С первой попытки у нас получились три маленькие штучки. Под моим чутким бдением и мне на потеху Вовка повзрывал их об асфальт, от чего и сам пришёл в неописуемый восторг. Мне показалось, что взрывы были не столь внушительные, как у ребят, и я убедила его сделать бомбы помощнее. Вовка согласился.

На следующий день мы повторили нашу схему и сваяли всего лишь две взрывчатки, но намного крупнее предыдущих.

– Лови! – крикнул Вовка и сделал фальшивый выброс. Я взвизгнула и сиганула в сторону. Вовка загоготал, глупо и карикатурно запрокинув голову назад. Мой испуг захлебнулся в ярости, я подорвалась к другу и с размаху вдарила ему ногой по руке – в ней бухнуло и сверкнуло. Ногу обожгло болью. Кто-то заорал. Оказалось, что я. И тут я увидела Вовку…

Он стоял прямо передо мной и удивлённо смотрел на кисть правой руки: три пальца на ней причудливо загнулись в разные стороны, будто спицы поломанного зонтика. От кисти вниз бежали тонкие кровяные струйки, у локтя они превращались в аккуратные капли, и те падали на асфальт. Вовка закатил глаза и со всего роста шмякнулся навзничь. С удивлением я отметила, что правая нога его в этот момент комично дёрнулась. Через пару-тройку секунд до меня наконец дошло.

Я развернулась и бросилась бежать, спотыкаясь и падая чуть ли не на каждом шагу. Я ломала кусты, сбивала об камни пальцы ног, но бежала вперёд, бежала, как от своры бешеных собак. Я хотела поскорей добраться до квартиры, спрятаться, залезть под ковёр или под диван и сидеть там вечно, чтобы никто и никогда не смог меня найти. Но во дворе меня остановил кто-то из взрослых. Мой ошалевший вид и противоестественная скорость были слишком красноречивы, чтобы не обратить на себя внимание. Пришлось всё рассказать. Если бы я не была так напугана в тот день, видит Бог, я бы не обмолвилась о случившемся. Даже ценою Вовкиной жизни…

Плохо помню, что происходило потом, но когда всё закончилось и наступил вечер, пришло время расплаты. Вовку увезли на «скорой». Руку ему впоследствии восстановили, но она осталась покорёженной и плохо слушалась.

Родители были в бешенстве. За тот год их уже три или четыре раза вызывали в школу: я неистово дралась с мальчишками, хамила учителям, кидала дрожжи в унитаз и портила школьное имущество. Покалеченный друг стал детонатором в кипучей смеси из злости и отчаяния моих родителей.

Через два дня мать купила мне пару новых летних тапок, собрала негустую сумку с моими пожитками и повезла к бабке в деревню.

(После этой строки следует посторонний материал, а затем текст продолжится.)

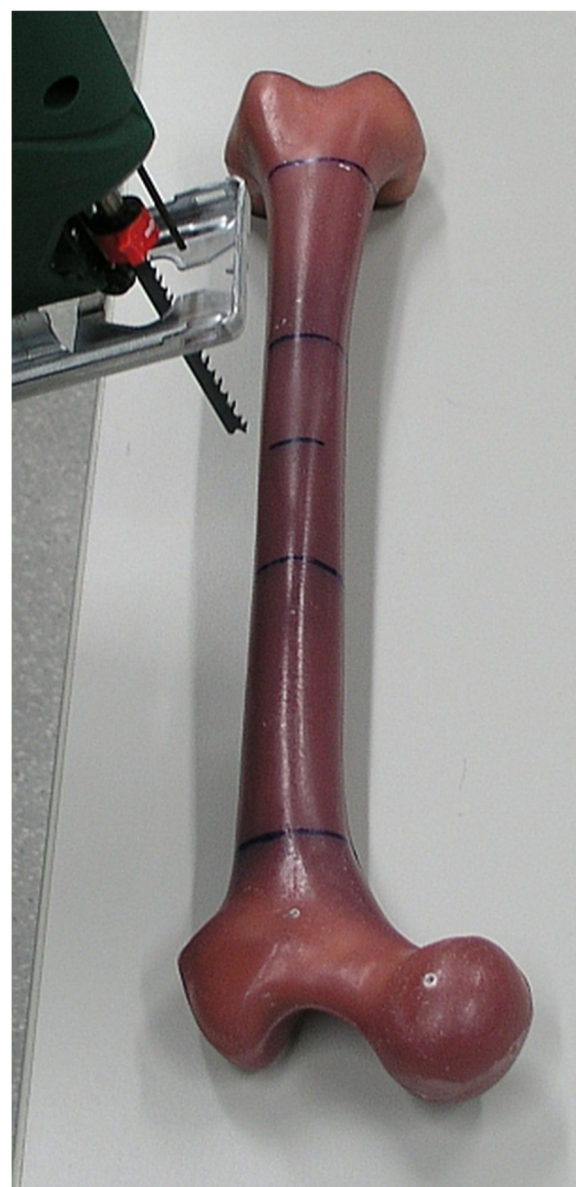
Fig. 1 Sawing of a standard midshaft transverse fracture exactly in the middle of the distance between the condyles and trochanter minor (AO paediatric comprehensive classification of long bone fractures: 32D41 [25]; LiLa classification for paediatric long bone fractures: 3.2.s.3.2. [26])

generation, Sawbones®, Malmö, Sweden). The whole setting followed in principle the standardised protocol of previous studies [18]. The femoral model measured 45 cm in length, with a central canal diameter of 10 mm. Each standard midshaft transverse fracture was sawed exactly in the middle of the distance between condyles and trochanter minor (AO paediatric comprehensive classification of long bone fractures: 32D41 [25]; LiLa classification for paediatric long bone fractures: 3.2.s.3.2. [26]) (Fig. 1). The fracture parameters were measured before use in the
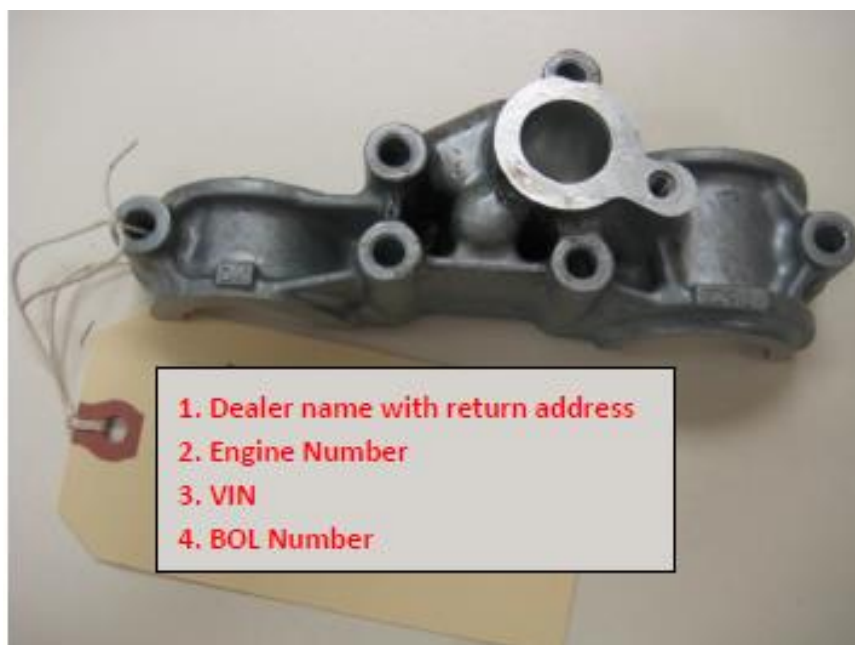
Figure 1 – Front camshaft bearing cap

Maserati Quattroporte and GranTurismo vehicles with wet sump engine, with an engine number prior to 148697, may be affected by two different types of timing variator noise. In the event of a customer complaint of the noise from variator at cold start or when releasing the throttle in above mentioned vehicles, verify the engine number and follow the flow chart shown on following page.
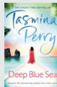
Deep Blue Sea by Tasmina Perry

Check our new site out for yourself at www.tasmanlibraries.govt.nz
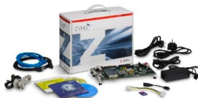
Xilinx Zynq-7000 All Programmable SoC ZC706 Evaluation Kit
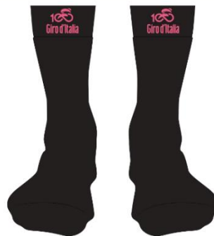
COOLMAX SOCKS RE 652 MAX BLACK
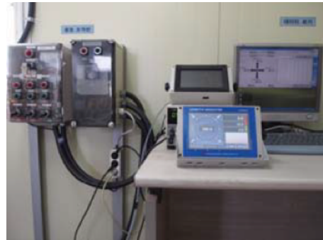
FIG. 1. A figure caption. The figure captions are automatically numbered.

The analog of the figure environment is table , which uses the same \caption command. However, you should
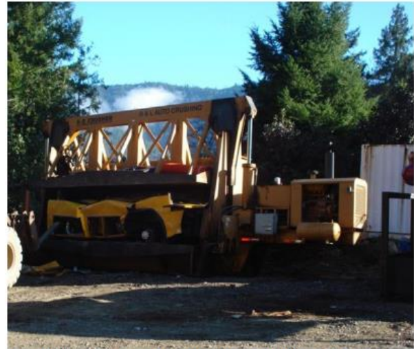
Example of acceptable destruction of vehicle chassis
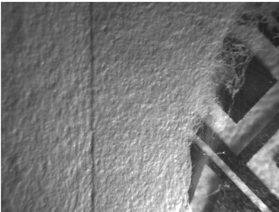
Infrared oblique light (880 nm) 1x
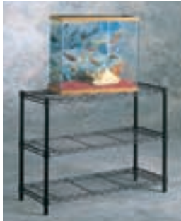
3-Shelf Storage Unit Consists of: 14"Dx36"Wx34 1/2"H Qty. Cat. No. 3 L1436B shelves 4 L33PB posts
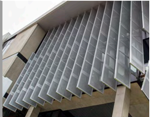
*Typical Architectural Installation
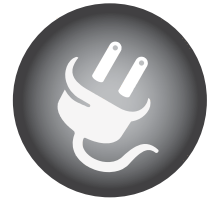
Plug 120V (convertible 240V)
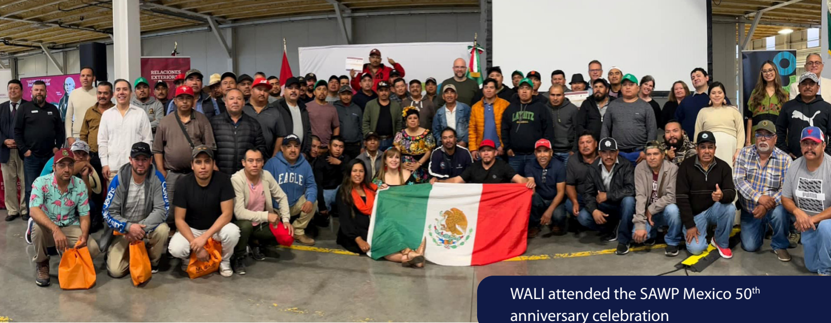
WALI attended the SAWP Mexico 50 th anniversary celebration
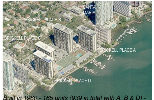
Built in 1980 - 165 units (939 in total with A, B & D) - 18 floors
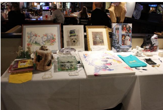
Live Auction Table
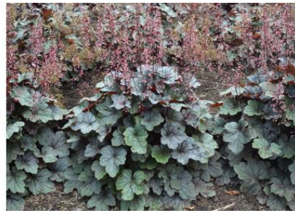
Stainless Steel' Coral Bells Heuchera x 'Stainless Steel'

Comment: Showy flowers, attracts birds and butterflies
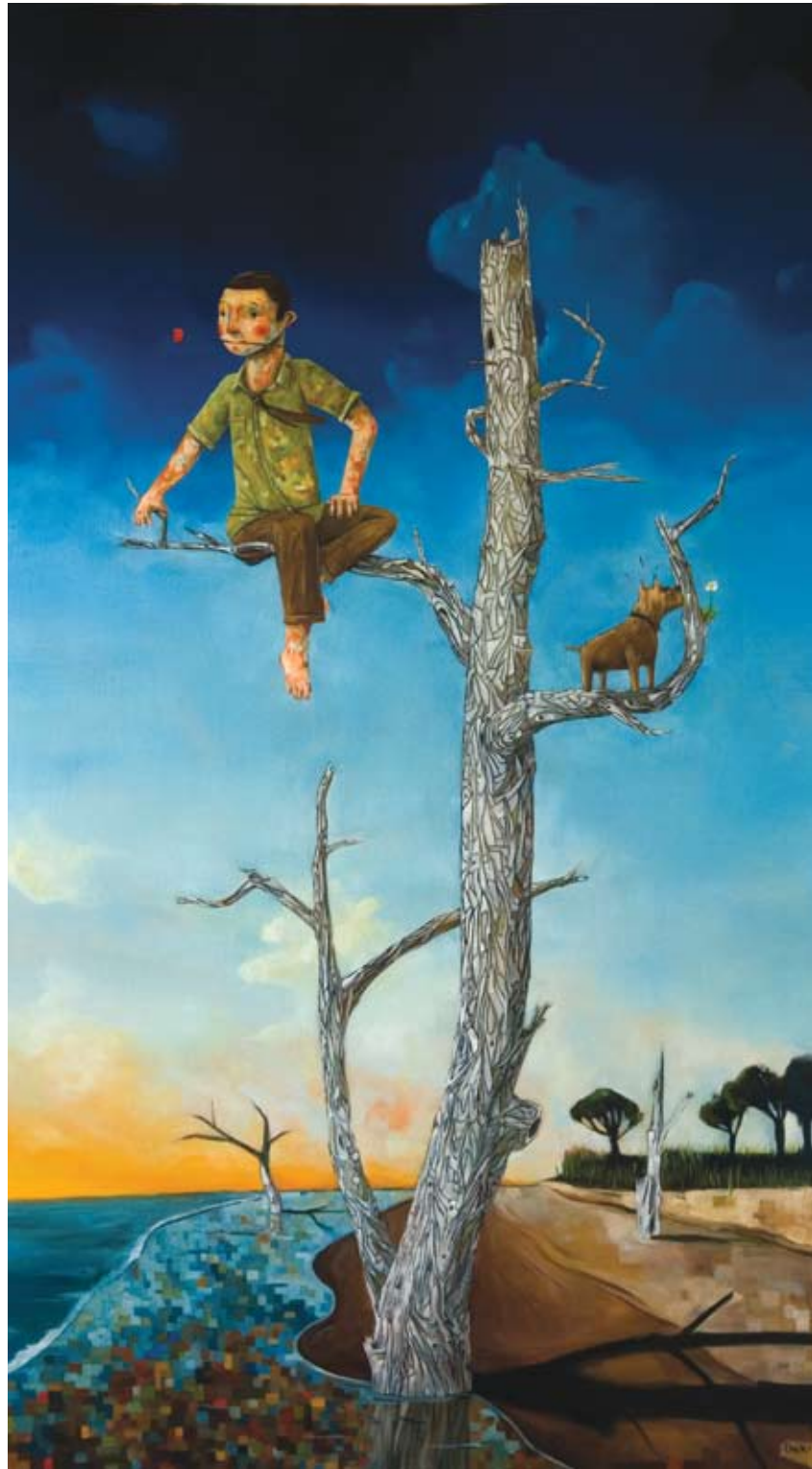
PATRICK WAITING PATIENTLY, OIL ON CANVAS, 60 X 36"

– Больше не могу, – сказала она с порога вместо приветствия и разрыдалась. Я стояла в сенях за дверью и вытягивала из щелей паклю, не смея заглянуть в дом.

– Шагай в тёмную, там пока побудешь.– Иди сюда, горе! – раздался зычный бабкин голос. Я поняла, что это предназначалось мне, и всунула голову в дверной проём.

Тёмной в доме бабки называлась маленькая спаленка без окна, которая больше походила на кладовку, нежели на комнату. Вмещала она в себя всего лишь одну кровать и табуретку рядом с ней, а вдоль стены на гвоздях висели гроздья из старых зимних тулупов, фуфаек и замызганных штормовок болотного цвета. Вместо двери была плотная занавеска. Пахло пылью и старой ватой.

Из кухни доносился мамин голос. С подвываниями и всхлипами рассказывала она что-то бабке Дуне, та скороговористо и монотонно отвечала и, видимо, даже утешала, что было весьма необычно для её холодного нрава. Потом я слышала, как бабка гремела посудой, как ставила чайник на печь, как заваривала чай, размешивая ложкой сахар в чашке, и всё говорила, говорила, говорила.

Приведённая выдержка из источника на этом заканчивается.